WORK REQUEST:
Please return each of the entries exactly, minus their pictures.

Stored data entries:
-------
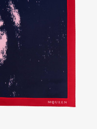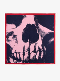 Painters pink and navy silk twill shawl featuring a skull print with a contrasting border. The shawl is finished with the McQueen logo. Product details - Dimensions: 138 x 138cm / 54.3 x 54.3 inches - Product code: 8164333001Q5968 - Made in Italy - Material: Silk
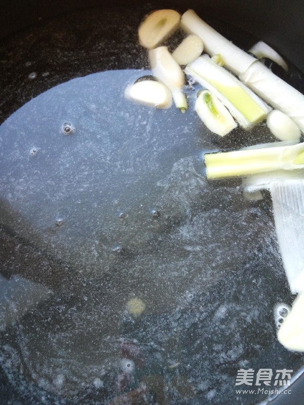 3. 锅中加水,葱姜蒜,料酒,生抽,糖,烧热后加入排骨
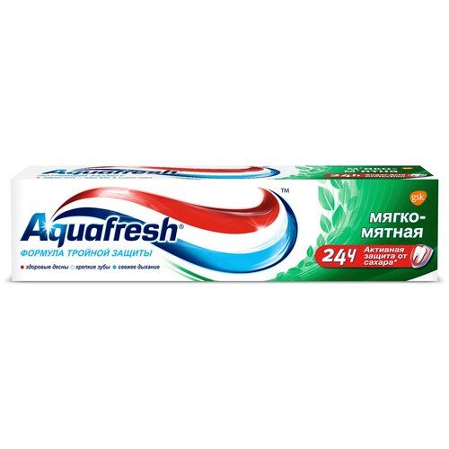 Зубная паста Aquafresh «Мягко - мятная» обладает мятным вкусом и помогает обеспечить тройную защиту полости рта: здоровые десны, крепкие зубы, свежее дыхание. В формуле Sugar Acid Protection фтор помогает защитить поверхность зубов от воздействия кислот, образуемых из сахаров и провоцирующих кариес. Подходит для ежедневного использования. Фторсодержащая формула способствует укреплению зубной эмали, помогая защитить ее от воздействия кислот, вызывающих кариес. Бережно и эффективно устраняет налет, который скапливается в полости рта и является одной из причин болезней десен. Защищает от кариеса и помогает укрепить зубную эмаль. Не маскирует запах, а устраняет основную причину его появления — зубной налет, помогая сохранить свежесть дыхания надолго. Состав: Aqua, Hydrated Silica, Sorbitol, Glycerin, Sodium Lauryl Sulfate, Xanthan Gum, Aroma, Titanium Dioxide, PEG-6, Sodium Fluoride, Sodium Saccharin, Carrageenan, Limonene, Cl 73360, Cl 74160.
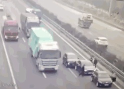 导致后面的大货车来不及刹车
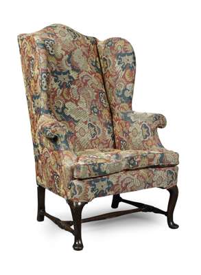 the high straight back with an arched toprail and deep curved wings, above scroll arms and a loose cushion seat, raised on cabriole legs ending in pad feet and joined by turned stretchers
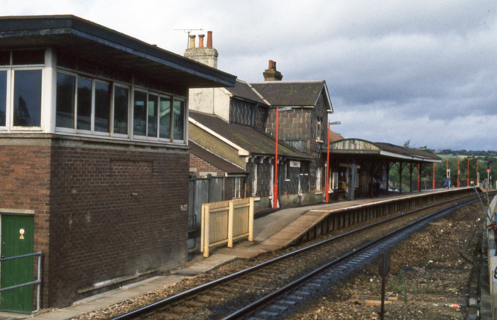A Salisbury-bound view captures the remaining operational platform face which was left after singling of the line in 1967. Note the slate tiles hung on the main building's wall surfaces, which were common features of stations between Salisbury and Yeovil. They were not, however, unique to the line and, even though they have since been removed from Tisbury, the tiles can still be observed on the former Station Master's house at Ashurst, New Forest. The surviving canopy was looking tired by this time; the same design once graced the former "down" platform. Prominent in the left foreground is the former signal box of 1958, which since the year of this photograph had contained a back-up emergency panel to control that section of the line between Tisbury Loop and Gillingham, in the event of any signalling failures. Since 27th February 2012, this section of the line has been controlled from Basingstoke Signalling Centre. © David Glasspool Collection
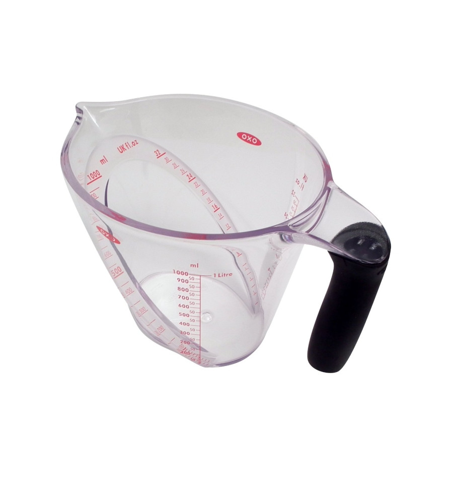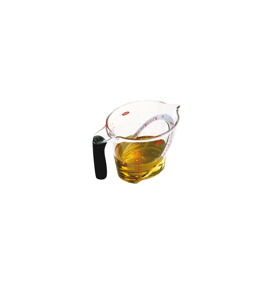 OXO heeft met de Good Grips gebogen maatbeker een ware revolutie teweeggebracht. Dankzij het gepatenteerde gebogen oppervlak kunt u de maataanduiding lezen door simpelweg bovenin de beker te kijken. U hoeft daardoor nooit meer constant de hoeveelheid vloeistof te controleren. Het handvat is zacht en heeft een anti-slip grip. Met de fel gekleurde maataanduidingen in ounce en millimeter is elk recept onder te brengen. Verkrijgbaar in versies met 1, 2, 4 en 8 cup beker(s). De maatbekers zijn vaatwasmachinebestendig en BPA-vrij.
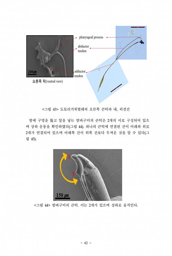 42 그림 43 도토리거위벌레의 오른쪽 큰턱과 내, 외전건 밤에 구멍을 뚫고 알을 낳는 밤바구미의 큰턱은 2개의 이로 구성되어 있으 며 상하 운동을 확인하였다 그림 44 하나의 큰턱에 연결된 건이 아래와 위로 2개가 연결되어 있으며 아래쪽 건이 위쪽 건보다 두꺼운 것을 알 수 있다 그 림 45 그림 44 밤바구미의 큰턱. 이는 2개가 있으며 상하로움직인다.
-------
RESULT OF THE TASK:
 Painters pink and navy silk twill shawl featuring a skull print with a contrasting border. The shawl is finished with the McQueen logo. Product details - Dimensions: 138 x 138cm / 54.3 x 54.3 inches - Product code: 8164333001Q5968 - Made in Italy - Material: Silk
 3. 锅中加水,葱姜蒜,料酒,生抽,糖,烧热后加入排骨
 Зубная паста Aquafresh «Мягко - мятная» обладает мятным вкусом и помогает обеспечить тройную защиту полости рта: здоровые десны, крепкие зубы, свежее дыхание. В формуле Sugar Acid Protection фтор помогает защитить поверхность зубов от воздействия кислот, образуемых из сахаров и провоцирующих кариес. Подходит для ежедневного использования. Фторсодержащая формула способствует укреплению зубной эмали, помогая защитить ее от воздействия кислот, вызывающих кариес. Бережно и эффективно устраняет налет, который скапливается в полости рта и является одной из причин болезней десен. Защищает от кариеса и помогает укрепить зубную эмаль. Не маскирует запах, а устраняет основную причину его появления — зубной налет, помогая сохранить свежесть дыхания надолго. Состав: Aqua, Hydrated Silica, Sorbitol, Glycerin, Sodium Lauryl Sulfate, Xanthan Gum, Aroma, Titanium Dioxide, PEG-6, Sodium Fluoride, Sodium Saccharin, Carrageenan, Limonene, Cl 73360, Cl 74160.
 导致后面的大货车来不及刹车
 the high straight back with an arched toprail and deep curved wings, above scroll arms and a loose cushion seat, raised on cabriole legs ending in pad feet and joined by turned stretchers
A Salisbury-bound view captures the remaining operational platform face which was left after singling of the line in 1967. Note the slate tiles hung on the main building's wall surfaces, which were common features of stations between Salisbury and Yeovil. They were not, however, unique to the line and, even though they have since been removed from Tisbury, the tiles can still be observed on the former Station Master's house at Ashurst, New Forest. The surviving canopy was looking tired by this time; the same design once graced the former "down" platform. Prominent in the left foreground is the former signal box of 1958, which since the year of this photograph had contained a back-up emergency panel to control that section of the line between Tisbury Loop and Gillingham, in the event of any signalling failures. Since 27th February 2012, this section of the line has been controlled from Basingstoke Signalling Centre. © David Glasspool Collection
 OXO heeft met de Good Grips gebogen maatbeker een ware revolutie teweeggebracht. Dankzij het gepatenteerde gebogen oppervlak kunt u de maataanduiding lezen door simpelweg bovenin de beker te kijken. U hoeft daardoor nooit meer constant de hoeveelheid vloeistof te controleren. Het handvat is zacht en heeft een anti-slip grip. Met de fel gekleurde maataanduidingen in ounce en millimeter is elk recept onder te brengen. Verkrijgbaar in versies met 1, 2, 4 en 8 cup beker(s). De maatbekers zijn vaatwasmachinebestendig en BPA-vrij.
 42 그림 43 도토리거위벌레의 오른쪽 큰턱과 내, 외전건 밤에 구멍을 뚫고 알을 낳는 밤바구미의 큰턱은 2개의 이로 구성되어 있으 며 상하 운동을 확인하였다 그림 44 하나의 큰턱에 연결된 건이 아래와 위로 2개가 연결되어 있으며 아래쪽 건이 위쪽 건보다 두꺼운 것을 알 수 있다 그 림 45 그림 44 밤바구미의 큰턱. 이는 2개가 있으며 상하로움직인다.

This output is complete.